Sometimes, great art is what we take for granted: the mysterious forms and organic processes that surround us, the enduring genius of nature, with its elusive sense of logic and proportion, its strange beauty, its endless capacity to surprise.


Luis Jimenez’s remarkable new Seeds sculptures remind us of this. They draw the viewer into a world that is both familiar and never fully comprehensible, simple yet inherently wondrous. We marvel at them as we would a rare species of plant or animal. 


Jimenez is an engineer by training, and his art has always displayed a singular sense of balance and order. But the laminated steel Seeds series pushes his art to an innovative new level, taking its cue from the patterns of the natural world. 


“Nature is always telling us something,” Jimenez says. “It’s up to us to listen and understand what it is. Often that takes time.”


The new series literally began with a seed, fallen from an acacia tree at Jimenez’s office near Miami. Struck by the intricacy of the pod that housed the acacia seed, he used it as his passport to explore an artistic landscape that had intrigued him for years. These spellbinding new sculptures are not just an artist’s abstractions; they’re a translation of nature. A collaboration. In the processing and shaping of laminated steel and the choice and application of vibrant color, we see the artist’s hand; in the finished designs, we see the hand of nature. The sculptures are seamless, both in appearance and intent. There are no straight lines, but rather a fluid series of forms that seduce the viewer, an invitation to look closer, to spend time with these works, to contemplate their mysteries. 

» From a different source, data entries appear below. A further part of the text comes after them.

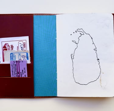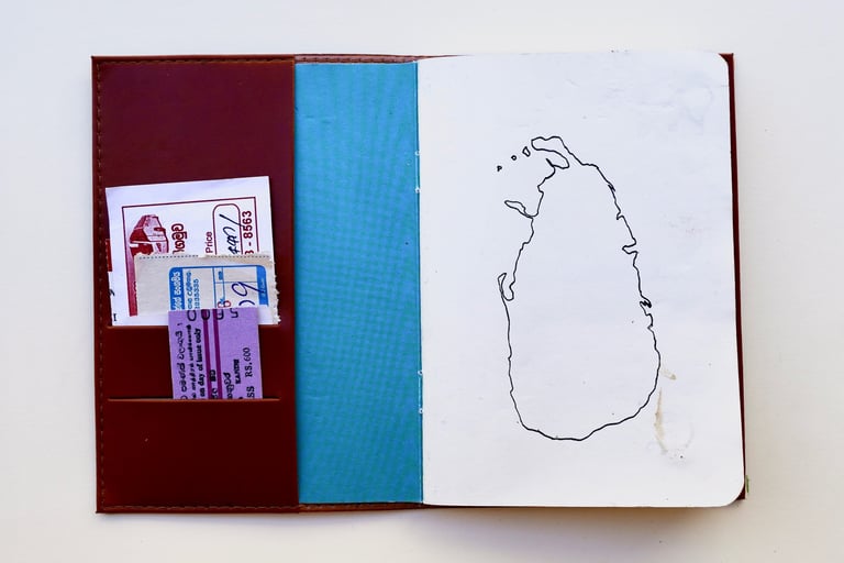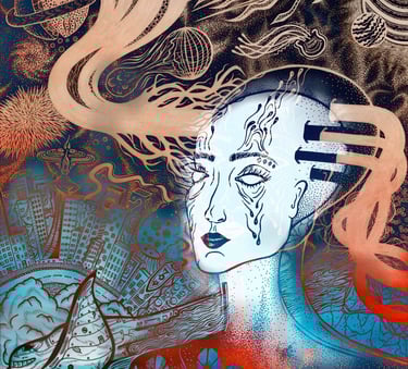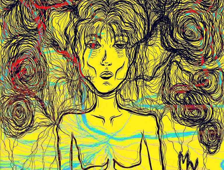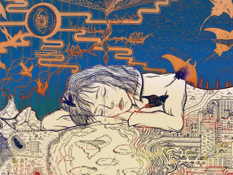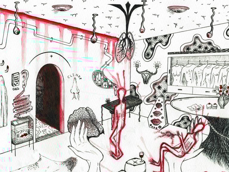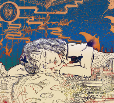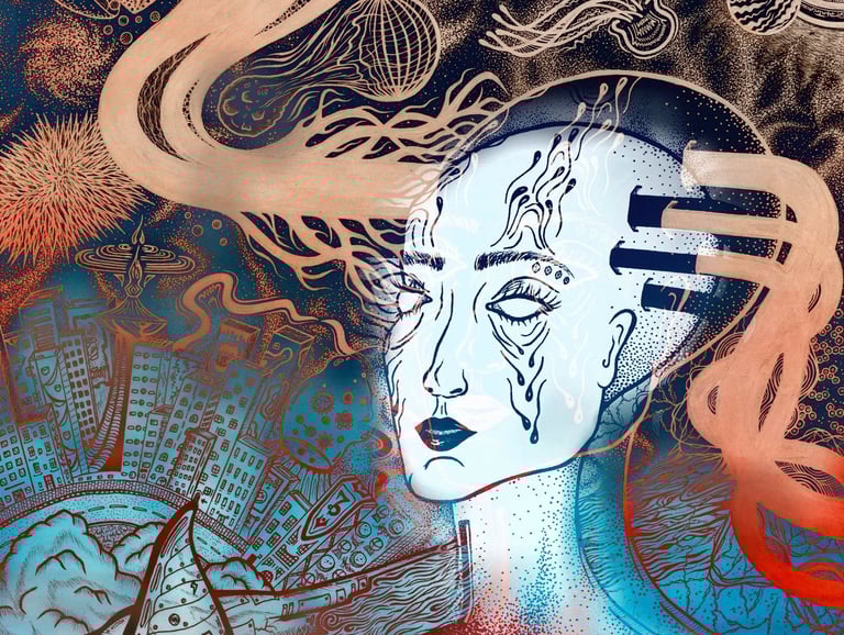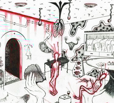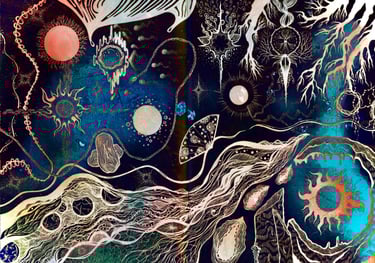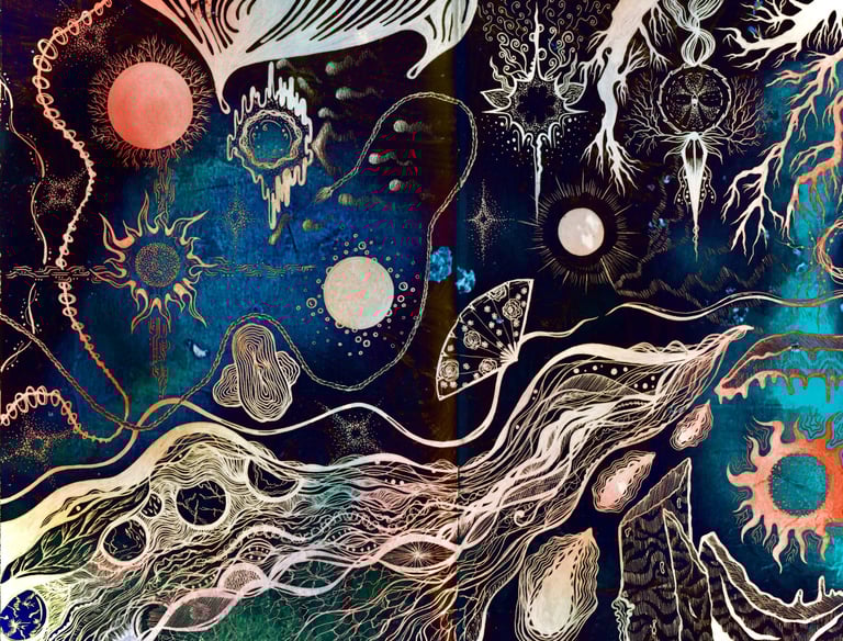 Handmade black-and-white drawings colored with digital photography and watercolor.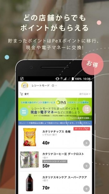 「カタリナ」の新サービス「レシートモード」は対象商品を購入し、そのレシートを写真に撮ってアプリに登録すれば、全国どこのお店で購入しても、平均14%以上の高い還元率でポイントをもらうことができます。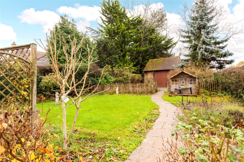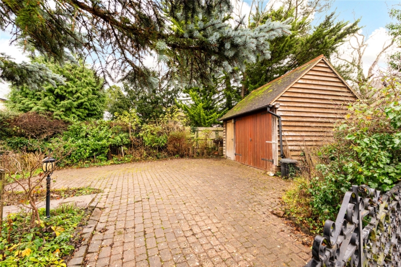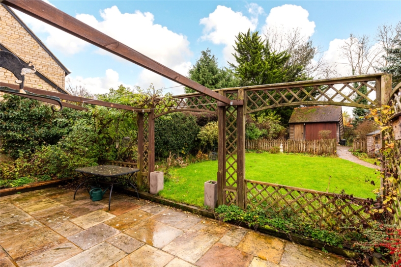 The sitting room was formerly two rooms and has an open fireplace at one end with a gas stove and fitted units on either side and a feature former fireplace at the opposite end. A vaulted oak framed garden room leads off and has French doors to the patio and garden. The study has a door to the driveway and fitted units with storage and a workstation. The dual aspect open plan kitchen/dining room has a range of base and wall units, an electric hob, a dual cook electric oven, an integrated dishwasher and space for a ten seater dining table.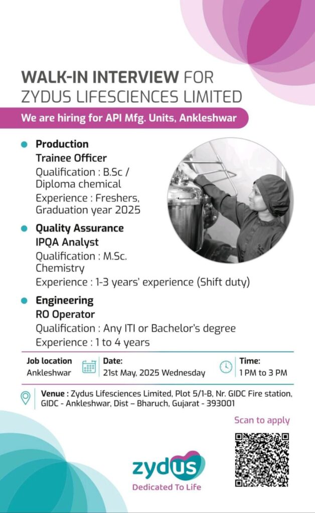 Venue: Zydus Lifesciences Limited, Plot 5/1-B, Nr. GIDC Fire station,
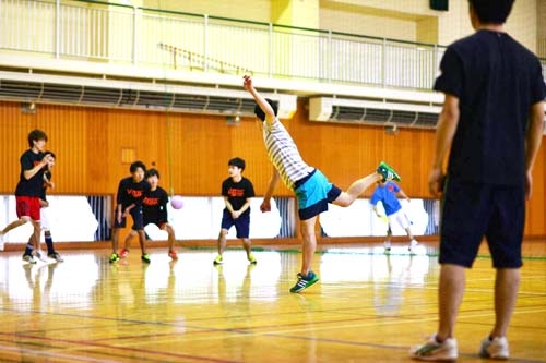 生憎、雨天のため、近隣の体育館でドッヂボール大会を催しました。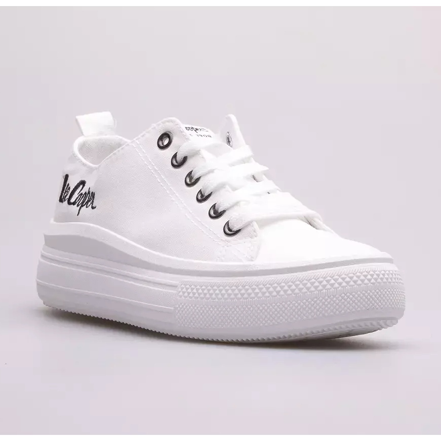 Dank des Fehlens von Mustern sind die weißen Lee Cooper LCW-23-44-1623L-Sneaker universell einsetzbar und lassen sich problemlos mit verschiedenen Farben und Kleidungsstilen kombinieren. Der Schnürverschluss ermöglicht eine perfekte Anpassung an den Fuß, was den Tragekomfort zusätzlich erhöht.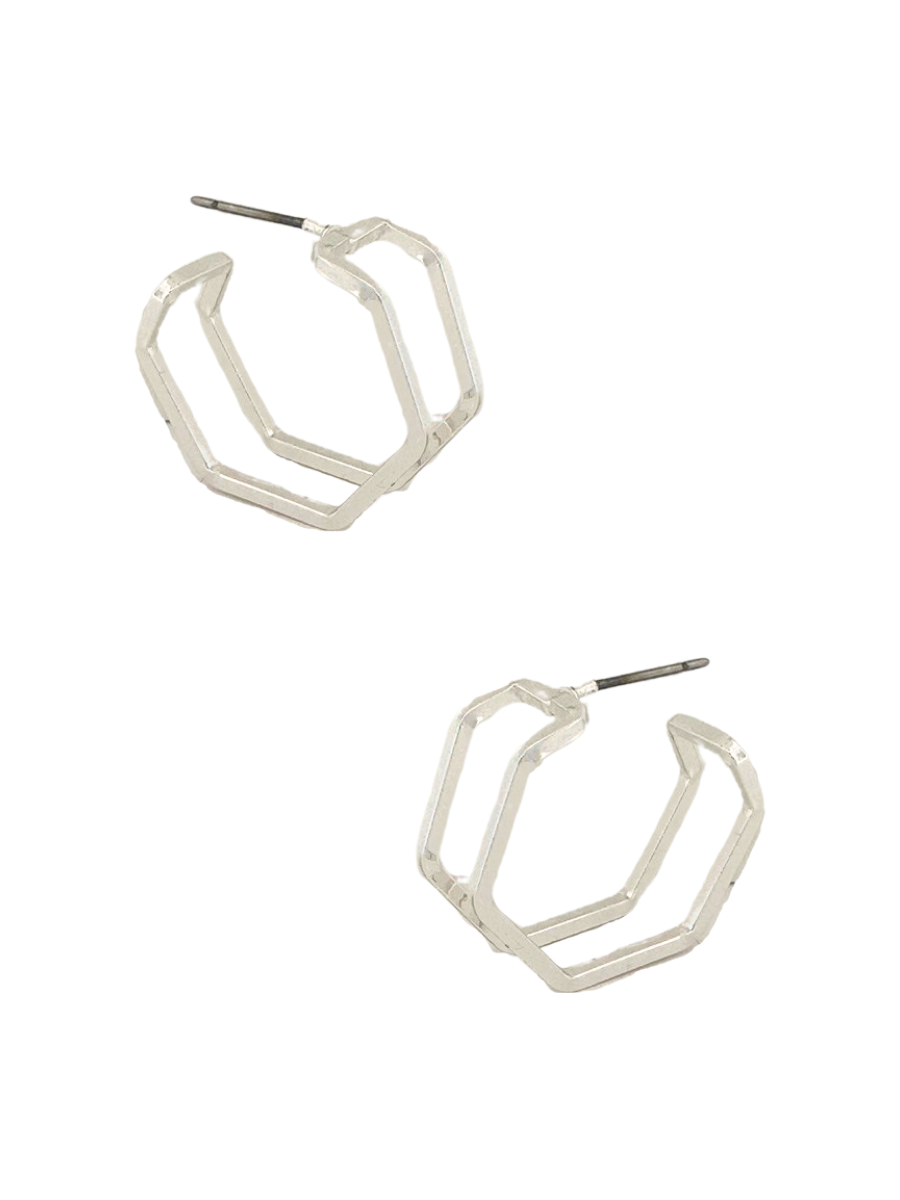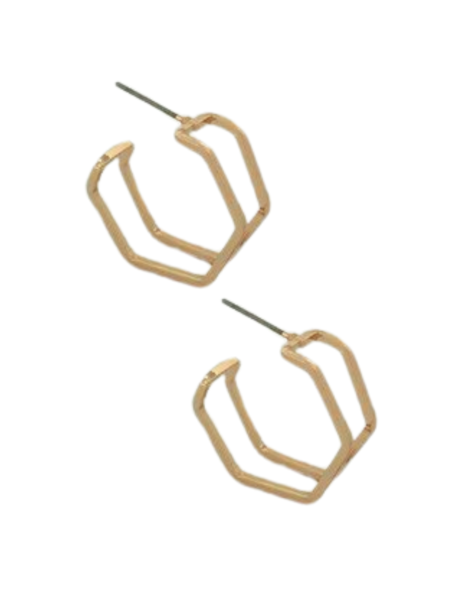 - These Desirae earrings feature a unique hexagon shape and a shiny finish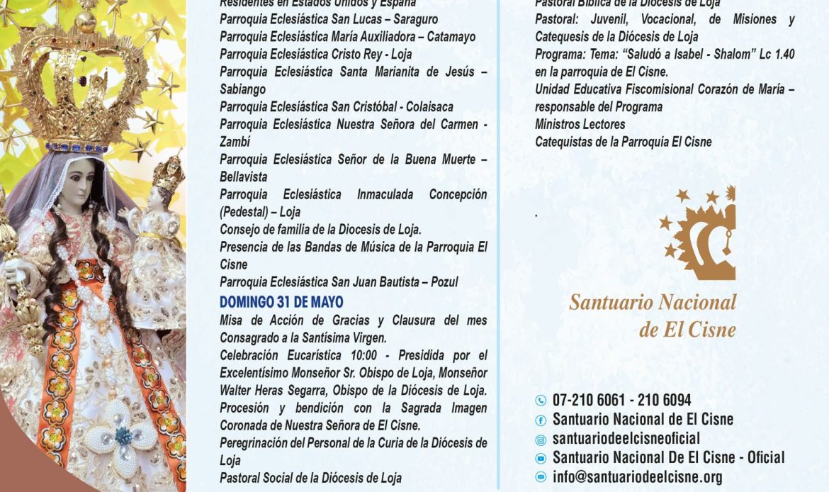 Como peregrinos acudimos porque creemos que, por intercesión Reina y Madre de El Cisne, nos trae la gracia de Cristo para santificar, consolar y alegrarnos como a tus hijos. María lleva a Jesús en su vientre. Cuando entra en casa de Zacarías, no solo va la mujer, sino el Salvador del mundo. Santa Isabel lo reconoce y exclama: “¿De dónde a mí tanto bien, que venga la Madre de mi Señor a visitarme?”. Cuando Isabel escucha el saludo de María, “el niño saltó de gozo en su seno”, y ella es llena del Espíritu Santo. La presencia de María trae una efusión de gracia y alegría mesiánica. Que busquemos esa misma alegría espiritual, la consolación y la gracia del Espíritu Santo. Que el santuario se convierta en un lugar de bendición y un “oasis” de encuentro con Dios a través de María.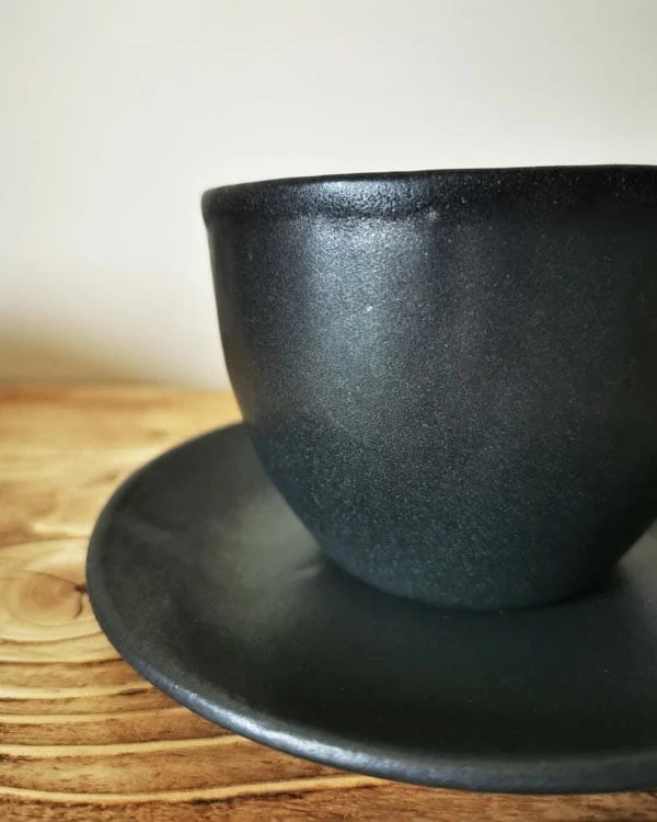 Ręcznie robiony kubek ceramiczny Smooth o pojemności 400 ml z dużym uchem i spodkiem w czarnym matowym wykończeniu to esencja nowoczesnej elegancji. Jego głęboki odcień, inspirowany nocnym niebem, wnosi do domu wyrafinowany spokój, idealny na dużą kawę z mlekiem, aromatyczną herbatę czy gorącą czekoladę. Duże ucho zapewnia wygodę, a spodek dodaje szyku, chroniąc powierzchnie i zapraszając do powolnego delektowania się napojem. Stworzony z pasją w pracowni GajaArte, ten zestaw jest unikatowy, z delikatnymi śladami rzemiosła, które podkreślają jego autentyczność.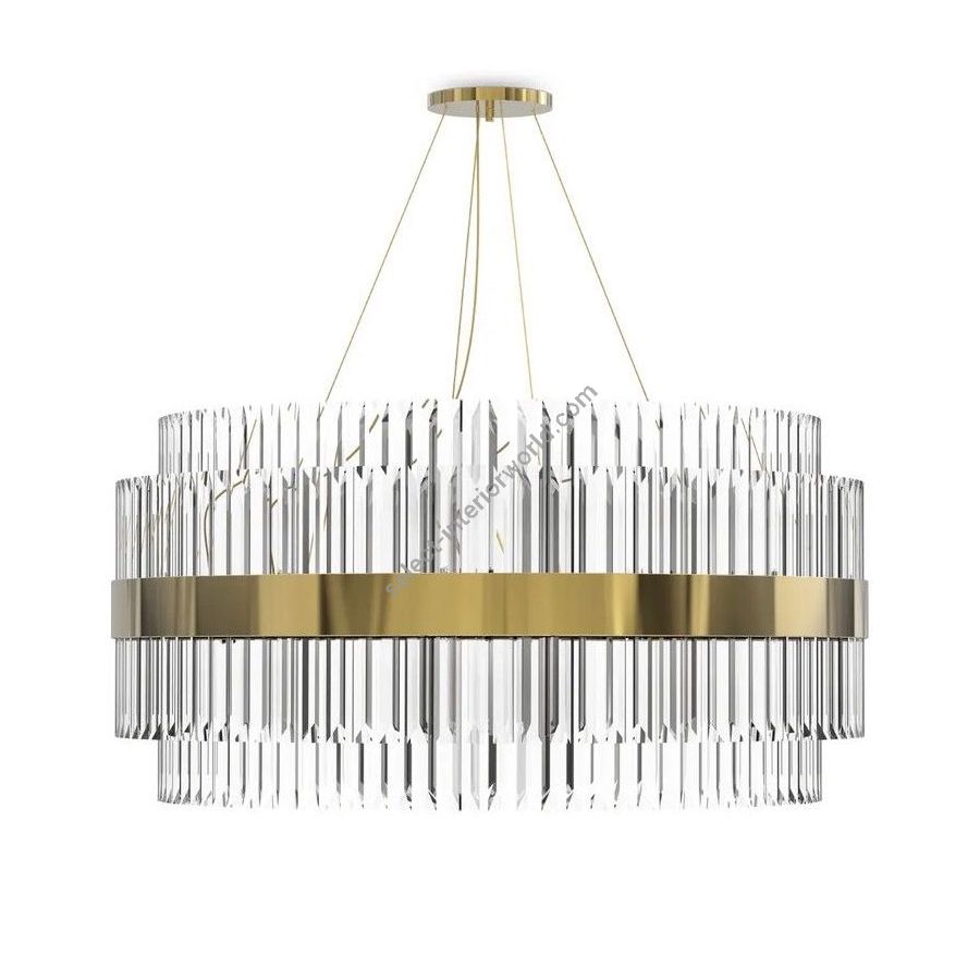 The Liberty Suspension Lamp is an elegant addition to any interior design project, commercial or residential. With its delicate lines, this suspended light elevates any space with its round form and high-end materials, such as brass and crystal glass.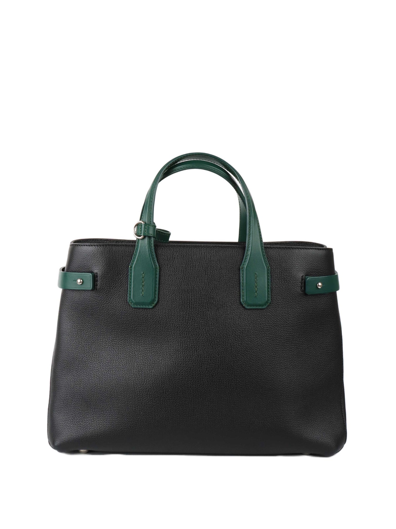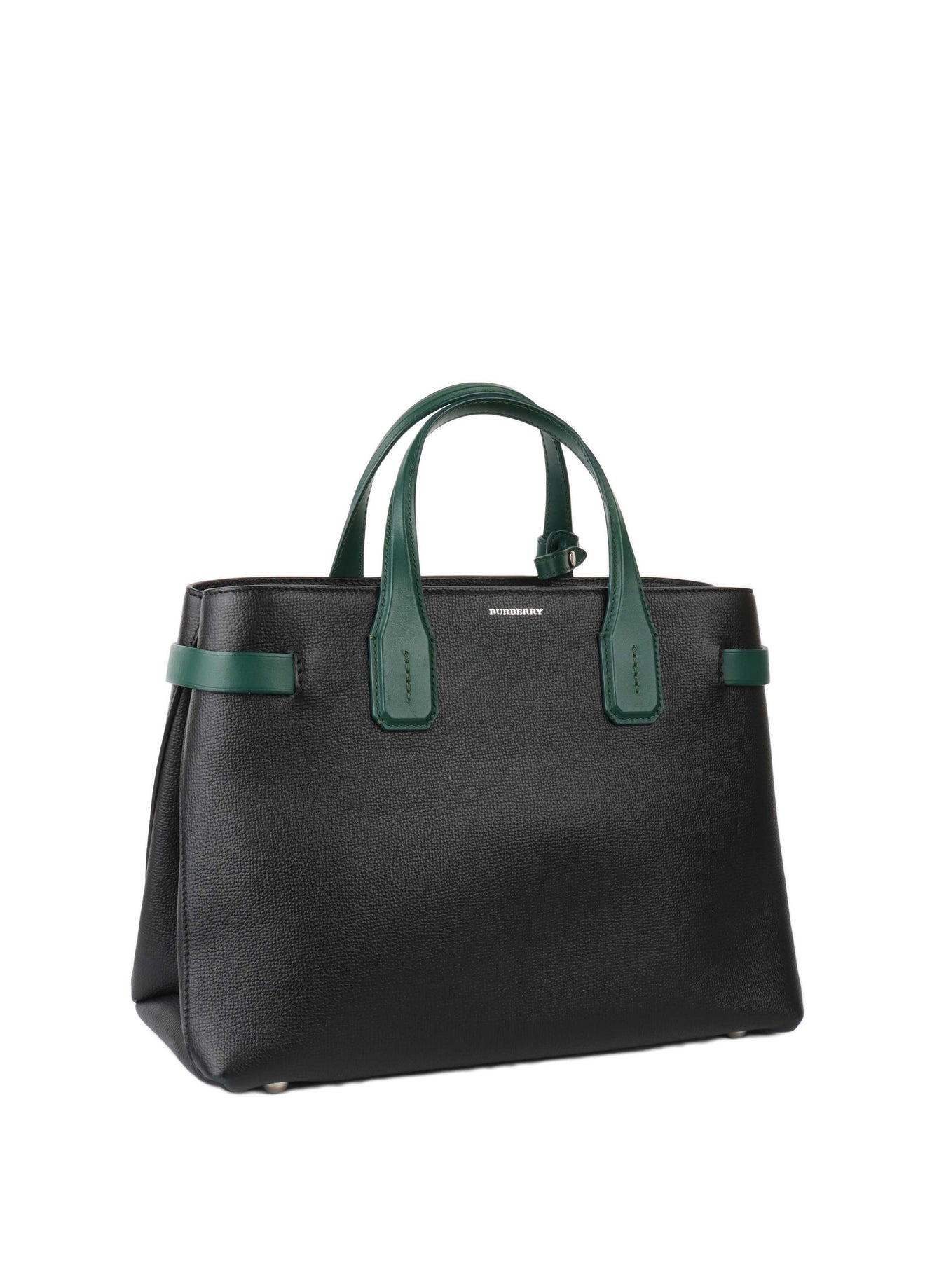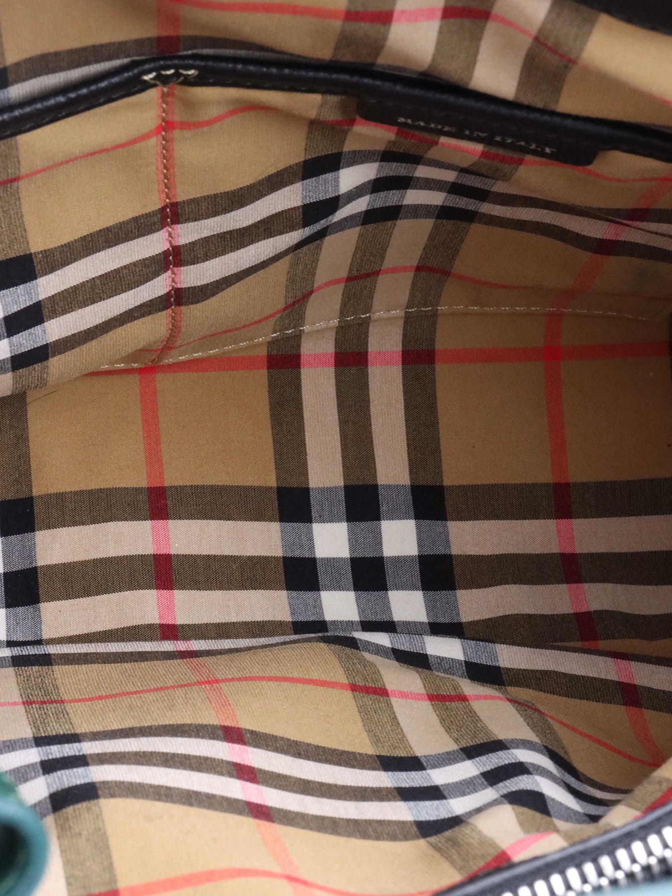 Description : A gorgeous leather tote from Burberry, crafted from rich black calfskin leather with green calfskin leather handles and trim, opens to two large open compartments and one zipped compartment, perfect to carry all your every day necessities.

“There is mathematics behind every natural structure,” Jimenez says. “Behind every tree, plant, flower, there is a math to it. That always fascinated me. Nature is the great engineer. That’s what makes it interesting.”
It’s a simple idea, but, as Jimenez says, “simple is difficult.” Particularly when the artist is trying to convey a sense of simplicity to his viewers. The quiet triumph of the Seeds sculptures is in how they confront this paradox, rising above traditional abstraction to create a captivating new artistic language. The result is an art that appears wholly organic, as if it were grown into existence rather than manufactured in an artist’s studio. And, in a sense, it was.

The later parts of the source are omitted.